Astute investors always wonder whether there are ways to profit from volatility. That demand is the key reason why financial institutions created volatility exchange-traded products. Volatility-trackers like the iPath S&P 500 VIX ST Futures ETN (NYSEMKT:VXX) have become immensely popular, and as you'd expect, they tend to perform well in times of trouble. This iPath ETN has climbed more than 25% just since the last week of September, while its leveraged peer, the VelocityShares Daily 2x VIX ST ETN (NASDAQ:TVIX), has jumped 50% in the same time frame.

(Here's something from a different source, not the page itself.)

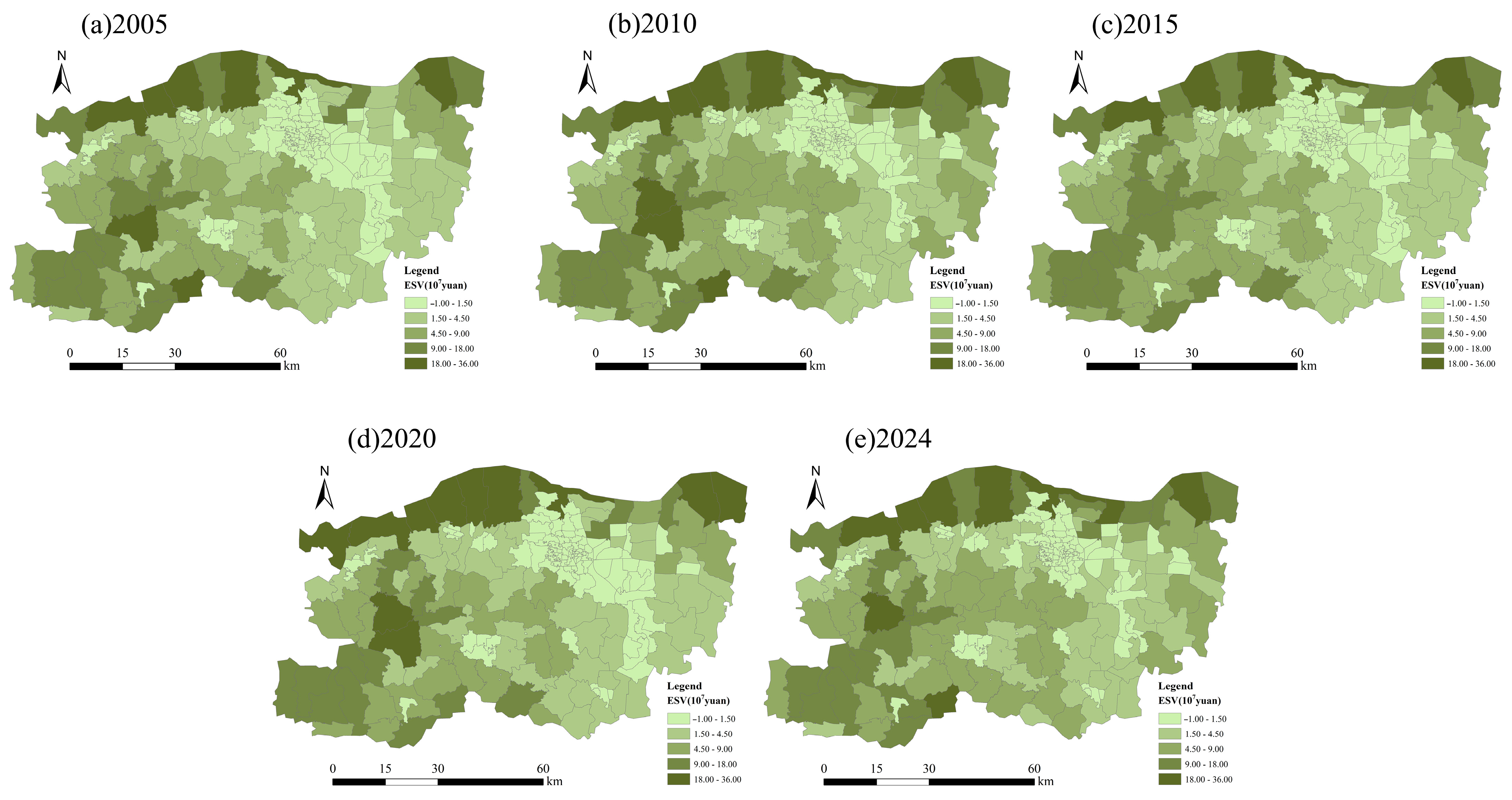 3.2.1. The Change in ESV from 2005 to 2024

These investments give their shareholders exposure to the moves in volatility futures contracts, which themselves are fairly complex derivative securities based on expectations of where the Fear Index will be in the short run. The ETNs don't track the daily Fear Index moves precisely, but as you can see from their recent performance, they often follow suit generally by moving in the same direction.

Waiting for a crisis
Volatility-tracking investments produce big gains in a crisis. The problem, though, comes when crises aren't happening.

Looking back just at 2013 shows the potential for losses from owning volatility ETNs when markets aren't particularly volatile. Even after its recent gains, the iPath ETN has lost almost half its value so far in 2013. The VelocityShares ETN has done even worse, as its leverage has produced more dramatic losses of almost 80%.

Investors who've taken the other side of that bet have received big rewards. The VelocityShares Daily Inverse VIX ST ETN (NASDAQ:XIV) has climbed almost 40% in 2013, even after dropping more than 20% in the market's most recent bout of volatility.

Big short-term gains are always nice to see. But as long-term plays, volatility-tracking investments don't give you as much winning potential as taking advantage of price drops to buy attractive stocks for the long haul. That strategy won't give you a quick payday, but it will likely serve you better over time.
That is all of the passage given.